What is needed: In the entries below, repeat only the lines between those holding "短款加绒加厚高腰短款套头卫衣女" and "High pressure liquid", inclusive. Leave pictures out.

Task inputs:
——————

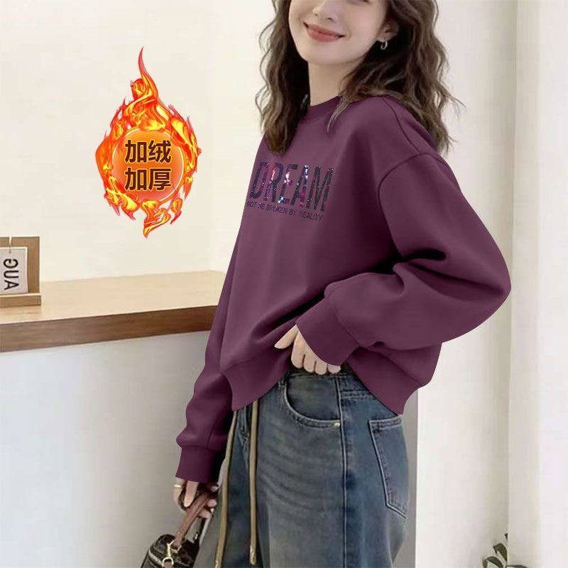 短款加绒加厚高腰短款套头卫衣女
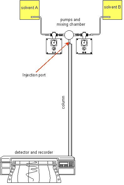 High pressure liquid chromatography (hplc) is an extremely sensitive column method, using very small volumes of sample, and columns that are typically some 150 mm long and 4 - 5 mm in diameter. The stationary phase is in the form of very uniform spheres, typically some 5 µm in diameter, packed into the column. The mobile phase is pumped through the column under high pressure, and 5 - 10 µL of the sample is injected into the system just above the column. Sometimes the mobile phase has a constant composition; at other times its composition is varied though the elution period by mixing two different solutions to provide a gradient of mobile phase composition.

——————

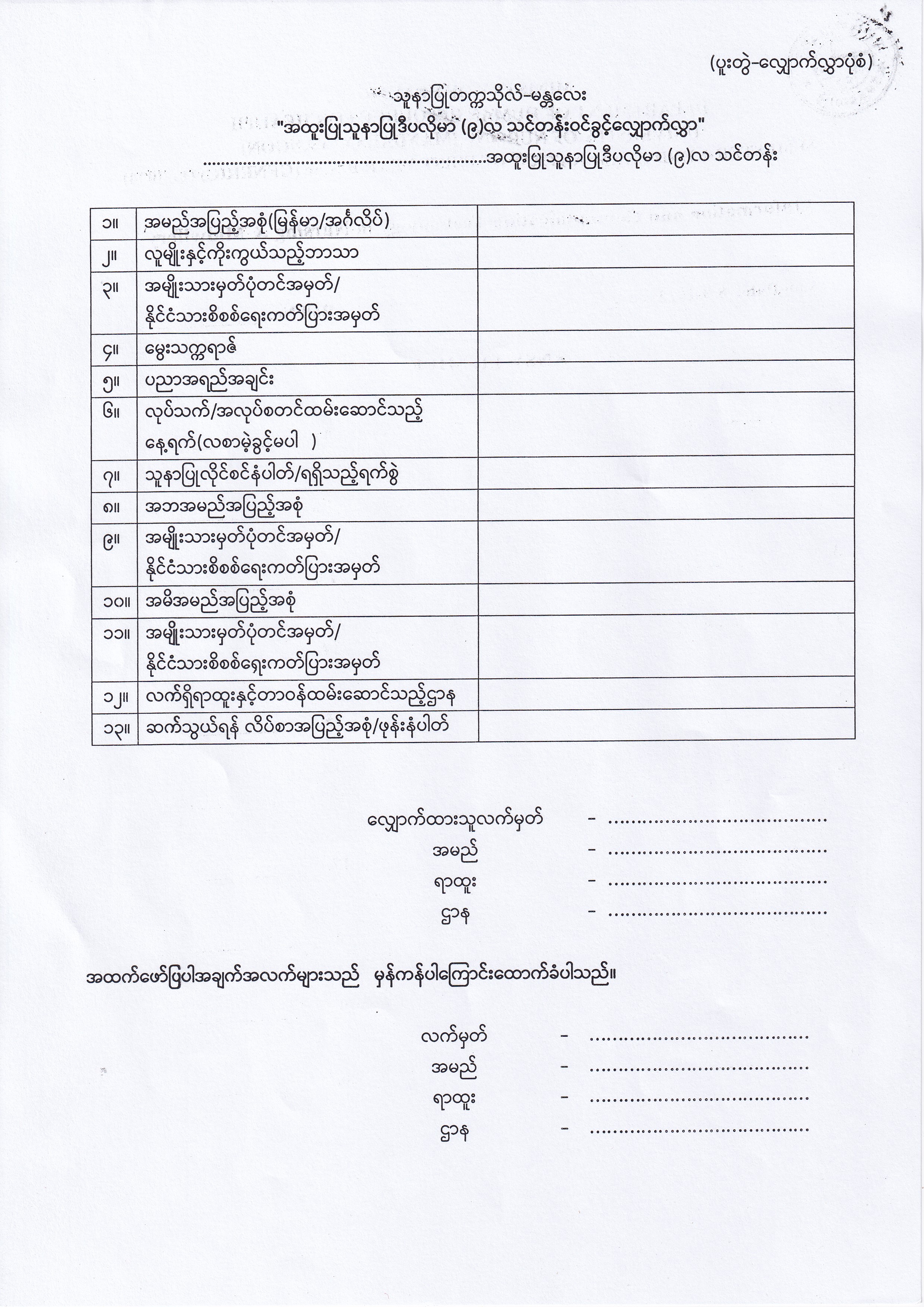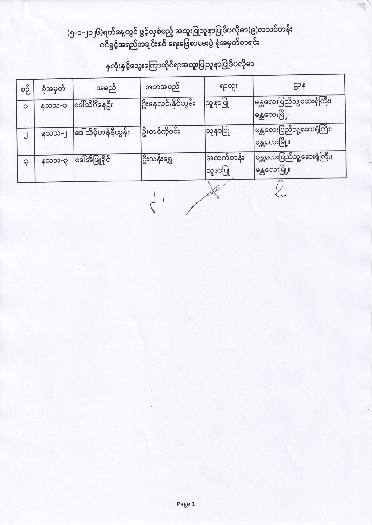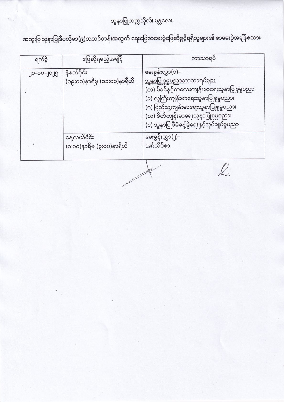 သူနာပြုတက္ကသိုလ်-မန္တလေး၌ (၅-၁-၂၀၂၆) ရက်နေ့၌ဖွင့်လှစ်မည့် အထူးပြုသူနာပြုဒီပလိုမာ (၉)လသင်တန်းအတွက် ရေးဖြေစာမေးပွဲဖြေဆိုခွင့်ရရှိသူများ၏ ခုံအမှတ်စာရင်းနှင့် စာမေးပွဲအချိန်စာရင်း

——————

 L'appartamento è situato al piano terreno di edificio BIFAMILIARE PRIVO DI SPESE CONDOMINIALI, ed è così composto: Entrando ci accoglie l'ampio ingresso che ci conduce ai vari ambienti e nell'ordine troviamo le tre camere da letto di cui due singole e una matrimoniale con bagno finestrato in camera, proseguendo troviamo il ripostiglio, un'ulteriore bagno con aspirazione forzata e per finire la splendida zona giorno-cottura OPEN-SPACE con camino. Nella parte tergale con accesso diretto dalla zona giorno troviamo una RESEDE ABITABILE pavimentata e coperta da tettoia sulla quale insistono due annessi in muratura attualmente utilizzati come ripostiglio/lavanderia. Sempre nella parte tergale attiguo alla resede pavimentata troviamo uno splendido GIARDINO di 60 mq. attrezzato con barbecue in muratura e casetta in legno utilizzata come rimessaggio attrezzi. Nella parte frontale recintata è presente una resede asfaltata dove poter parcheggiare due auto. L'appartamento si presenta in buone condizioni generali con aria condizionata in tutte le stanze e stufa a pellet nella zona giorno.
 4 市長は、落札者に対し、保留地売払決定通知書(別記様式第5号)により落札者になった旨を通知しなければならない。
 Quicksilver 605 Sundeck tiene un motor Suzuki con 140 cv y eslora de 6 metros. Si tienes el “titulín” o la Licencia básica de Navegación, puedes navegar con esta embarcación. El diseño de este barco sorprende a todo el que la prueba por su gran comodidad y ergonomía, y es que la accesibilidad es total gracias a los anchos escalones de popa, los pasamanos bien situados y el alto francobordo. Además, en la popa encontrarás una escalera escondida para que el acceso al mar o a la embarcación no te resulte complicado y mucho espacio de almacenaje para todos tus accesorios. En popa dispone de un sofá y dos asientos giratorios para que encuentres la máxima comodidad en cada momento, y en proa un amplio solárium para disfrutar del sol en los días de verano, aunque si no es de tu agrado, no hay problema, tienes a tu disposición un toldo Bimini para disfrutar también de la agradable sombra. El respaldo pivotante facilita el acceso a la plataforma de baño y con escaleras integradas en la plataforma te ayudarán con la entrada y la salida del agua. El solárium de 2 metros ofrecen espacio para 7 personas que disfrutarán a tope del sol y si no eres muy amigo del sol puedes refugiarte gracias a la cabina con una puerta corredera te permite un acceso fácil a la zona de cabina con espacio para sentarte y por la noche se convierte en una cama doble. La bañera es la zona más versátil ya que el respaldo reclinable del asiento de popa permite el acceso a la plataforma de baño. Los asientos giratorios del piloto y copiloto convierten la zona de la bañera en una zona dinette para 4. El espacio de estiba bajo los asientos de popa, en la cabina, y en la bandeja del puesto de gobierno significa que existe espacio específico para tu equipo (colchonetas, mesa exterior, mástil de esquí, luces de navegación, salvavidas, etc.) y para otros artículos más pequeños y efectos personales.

——————

Exercise answer:
 短款加绒加厚高腰短款套头卫衣女
 High pressure liquid chromatography (hplc) is an extremely sensitive column method, using very small volumes of sample, and columns that are typically some 150 mm long and 4 - 5 mm in diameter. The stationary phase is in the form of very uniform spheres, typically some 5 µm in diameter, packed into the column. The mobile phase is pumped through the column under high pressure, and 5 - 10 µL of the sample is injected into the system just above the column. Sometimes the mobile phase has a constant composition; at other times its composition is varied though the elution period by mixing two different solutions to provide a gradient of mobile phase composition.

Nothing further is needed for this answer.